И вот здесь начинается ключевое расхождение между официальными и «независимыми» источниками: по сообщению Московского летописного свода, великий князь выехал из столицы в действующую армию 3 октября, как раз перед ключевыми сражениями на угорских переправах, а вот «независимые» летописцы сообщают о двухнедельном бессмысленном сидении в подмосковном селе, что действительно весьма походит на проявление истерики. Вот только еще один «независимый» источник – Владимирский летописец – указывает на прибытие великого князя к Угре 11 октября, что фактически подтверждает официальную версию о кратковременном пребывании Ивана Васильевича в Москве [ПСРЛ. Т. 30. С. 137]. Парадоксальным образом подтверждает версию раннего отъезда великого князя из Москвы и краеугольный камень «мифа о предательской власти» – «Послание на Угру» архиепископа Вассиана Рыло. Из этого замечательного памятника отечественной публицистики, демонстрирующего чрезвычайно высокий уровень «свободы слова» в XV в., видно, что известия о первых боях на Угре 8–11 октября получены ПОСЛЕ отъезда великого князя из Москвы. Ну а к моменту написания «Послания» Иван III успел не только доехать до театра боевых действий, но и провести там переговоры. Далее, положение ставки великого князя после возвращения из Москвы у Кременца – на запасном оборонительном рубеже за Угрой и в двух переходах от направления возможного литовского удара от Вязьмы – также не свидетельствует в пользу подготовки великим князем скорого бегства. После боев у Опакова на Угру упали ранние и сильные морозы, сковавшие реки льдом и существенно изменившие стратегическую ситуацию. Этим изменением ситуации и можно объяснить предполагаемое перемещение основных русских сил на один конный переход к Боровску [ПСРЛ. Т. 24. С. 200; т. 26. С. 273]. Но на этом многомесячное «стояние» на Оке и Угре, по сути, уже завершилось – «от Угры царь Ахмут побежал месяца ноября в 10 день». Кризис 1480 г. завершился великим и практически бескровным триумфом Русского государства. А анализ передвижений Ивана III вполне позволяет обойтись при объяснении лишь соображениями «оперативной необходимости», не прибегая к психологическим изыскам. Таким образом, я снова вынужден констатировать: верить в «трусливого московита» можно, только если очень хочется в это верить.

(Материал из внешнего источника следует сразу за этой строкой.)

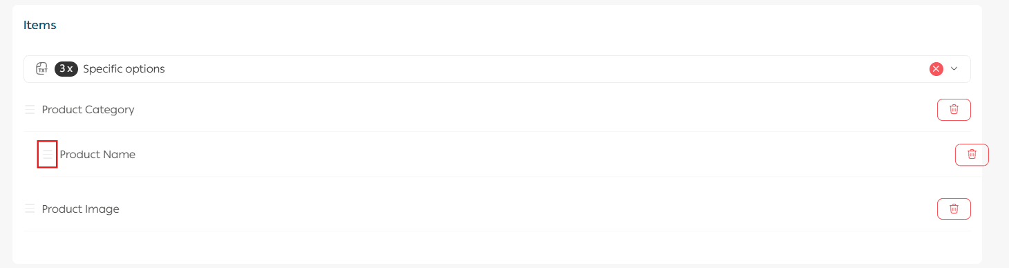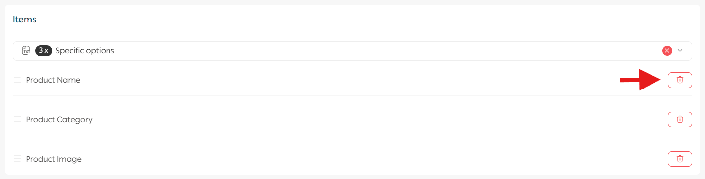 To remove a specific field from the Selected Fields section, click the delete icon next to it.

Миф № 4. «Крымское рабство» и «наследие Золотой Орды»

Странная группа мифов связана с гиперболизацией роли Крыма в войнах 1460–1480-х и каким-то нездоровым интересом к московско-крымскими отношениями. В наиболее одиозных вариантах «крымской мифологии» «иго» продолжают аж до начала XVIII в. И эта масштабность вымысла заслуживает ответа.

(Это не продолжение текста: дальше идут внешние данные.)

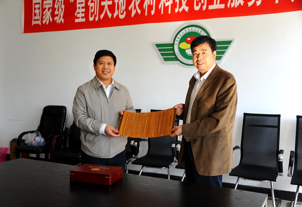 洽谈会结束后,常务副校长郑喜群代表学校向徐明岗赠送了《齐齐哈尔大学赋》竹简。

Начнем с того, что отметим действительно важную роль Крымского ханства в построениях московской политики: союз с Крымом определенно мыслился в Кремле как противовес союзу Великого княжества Литовского и Большой Орды [Сб. РИО. Т. 41, № 5. С. 19–20]. И в 1480 г. крымский хан Менгли-Гирей действительно провел малую демонстрацию силы против короля Казимира: «Тогда бо воева Минли Гиреи царь Крымскыи королеву землю Подольскую, служа великому князю» [ПСРЛ. Т. XXV. С. 327–328]. Однако масштаб и значение этой акции не стоит преувеличивать – именно в октябре 1480-го в Вильно начался очередной раунд переговоров Менгли-Гирея с Казимиром. В результате крымцы, выходившие в набег на Подолию, вернулись с полдороги, а князь Аминак, продолживший рейд на свой страх и риск, потом письменно извинялся перед Казимиром [Литовская метрика. Русская историческая библиотека. Т. 27, стлб. 332–336].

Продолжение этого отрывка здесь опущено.